_Work item:_
Repeat the data exactly, leaving out any image.

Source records
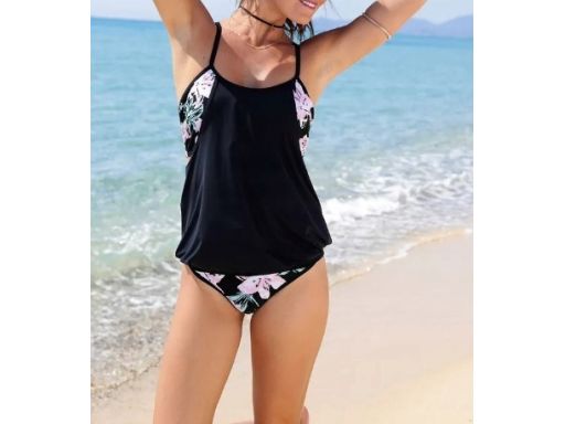 B.P.C tankini oversize czarne ze wzorem kwiatowym r.40
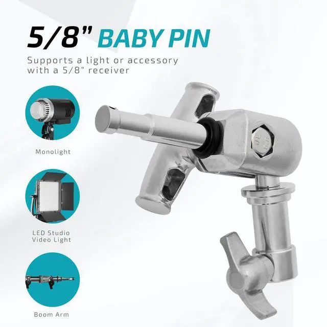 What sets the Flashpoint Heavy-Duty Swivel Pin apart is its exceptional design, tailored to provide both flexibility and strength for your photographic equipment setups. This robust accessory is essential for photographers and videographers seeking to add dynamic articulation to their stands or booms. Constructed from high-grade steel, this durable swivel pin promises longevity and resilience under the rigors of frequent use. One end of the swivel pin is designed to effortlessly slip onto a male 5/8" pin, ensuring compatibility with a wide array of lighting equipment and accessories that feature a 5/8" receiver.
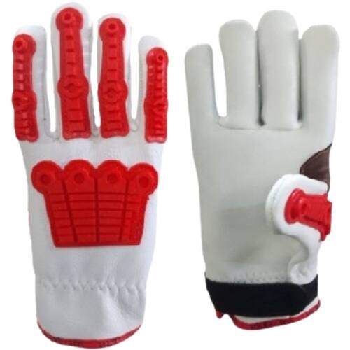 Luva de segurança confeccionada em vaqueta na palma, com reforço de aramida na face palmar e dedos, e dorso também em vaqueta. Projetada com proteção contra riscos de impacto no dorso, oferece fechamento de ajuste e tira, garantindo ajuste firme e segurança para suas mãos em atividades com risco de esmagamento ou pancadas.
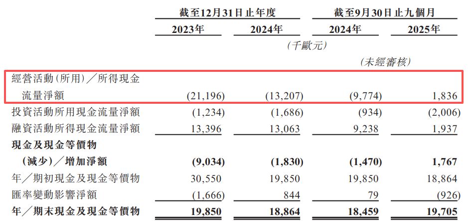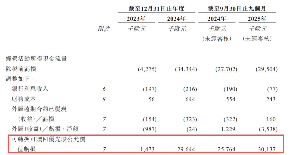 然而,招股书显示,2023年、2024年和2025年前三季度(下称“报告期内”),公司负债净额持续扩大。截至各报告期末,公司负债净额分别为943.1万欧元、4386.1万欧元和6735.1万欧元。造成账面负债和亏损的核心原因之一为优先股公允价值亏损。上述各期,公司因此产生的非现金亏损分别为147.3万欧元、2964.4万欧元和3013.7万欧元,进而导致各期分别录得净亏损465.3万欧元、3446.7万欧元和3000.3万欧元。
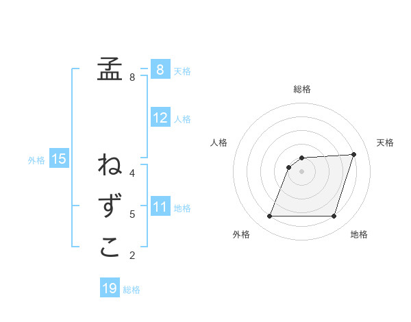 孟 ねずこさんを姓名の画数から五運を鑑定
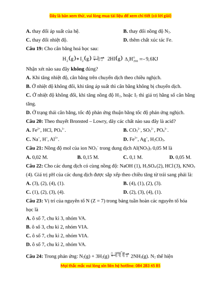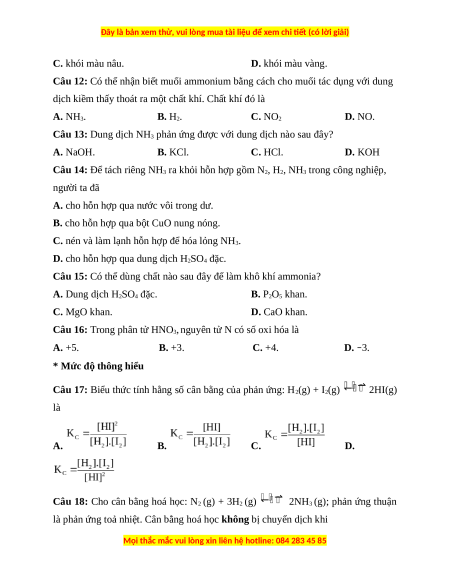 Câu 18: Cho cân bằng hoá học: N2 (g) + 3H2 (g)
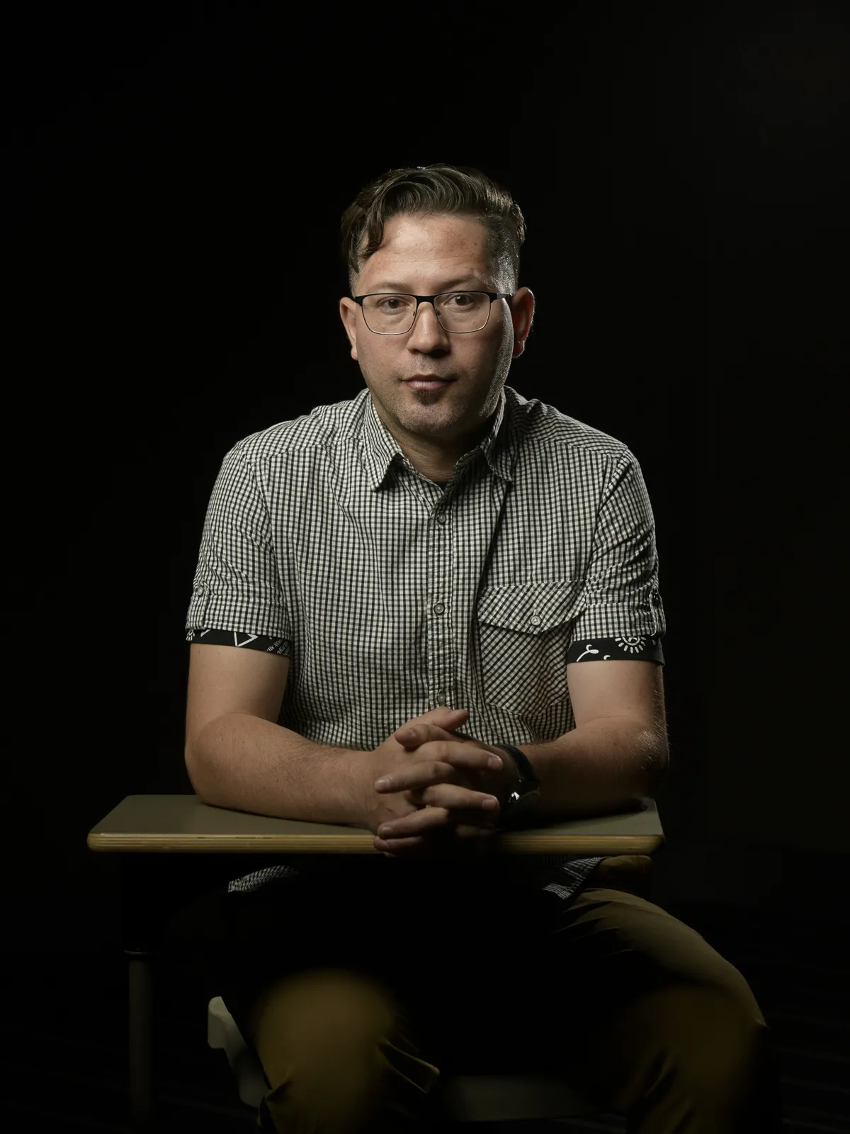 Sayed Ali Reza Ahmadi of Afghanistan, a doctoral student in the English Department at Indiana University of Pennsylvania, sits for a portrait on August 16, 2022. Ali was photographed for a university-published article, “Home Is Where the Mind Is: Supporting Students from Countries in Crisis”.

_The answer:_
 B.P.C tankini oversize czarne ze wzorem kwiatowym r.40
 What sets the Flashpoint Heavy-Duty Swivel Pin apart is its exceptional design, tailored to provide both flexibility and strength for your photographic equipment setups. This robust accessory is essential for photographers and videographers seeking to add dynamic articulation to their stands or booms. Constructed from high-grade steel, this durable swivel pin promises longevity and resilience under the rigors of frequent use. One end of the swivel pin is designed to effortlessly slip onto a male 5/8" pin, ensuring compatibility with a wide array of lighting equipment and accessories that feature a 5/8" receiver.
 Luva de segurança confeccionada em vaqueta na palma, com reforço de aramida na face palmar e dedos, e dorso também em vaqueta. Projetada com proteção contra riscos de impacto no dorso, oferece fechamento de ajuste e tira, garantindo ajuste firme e segurança para suas mãos em atividades com risco de esmagamento ou pancadas.
 然而,招股书显示,2023年、2024年和2025年前三季度(下称“报告期内”),公司负债净额持续扩大。截至各报告期末,公司负债净额分别为943.1万欧元、4386.1万欧元和6735.1万欧元。造成账面负债和亏损的核心原因之一为优先股公允价值亏损。上述各期,公司因此产生的非现金亏损分别为147.3万欧元、2964.4万欧元和3013.7万欧元,进而导致各期分别录得净亏损465.3万欧元、3446.7万欧元和3000.3万欧元。
 孟 ねずこさんを姓名の画数から五運を鑑定
 Câu 18: Cho cân bằng hoá học: N2 (g) + 3H2 (g)
 Sayed Ali Reza Ahmadi of Afghanistan, a doctoral student in the English Department at Indiana University of Pennsylvania, sits for a portrait on August 16, 2022. Ali was photographed for a university-published article, “Home Is Where the Mind Is: Supporting Students from Countries in Crisis”.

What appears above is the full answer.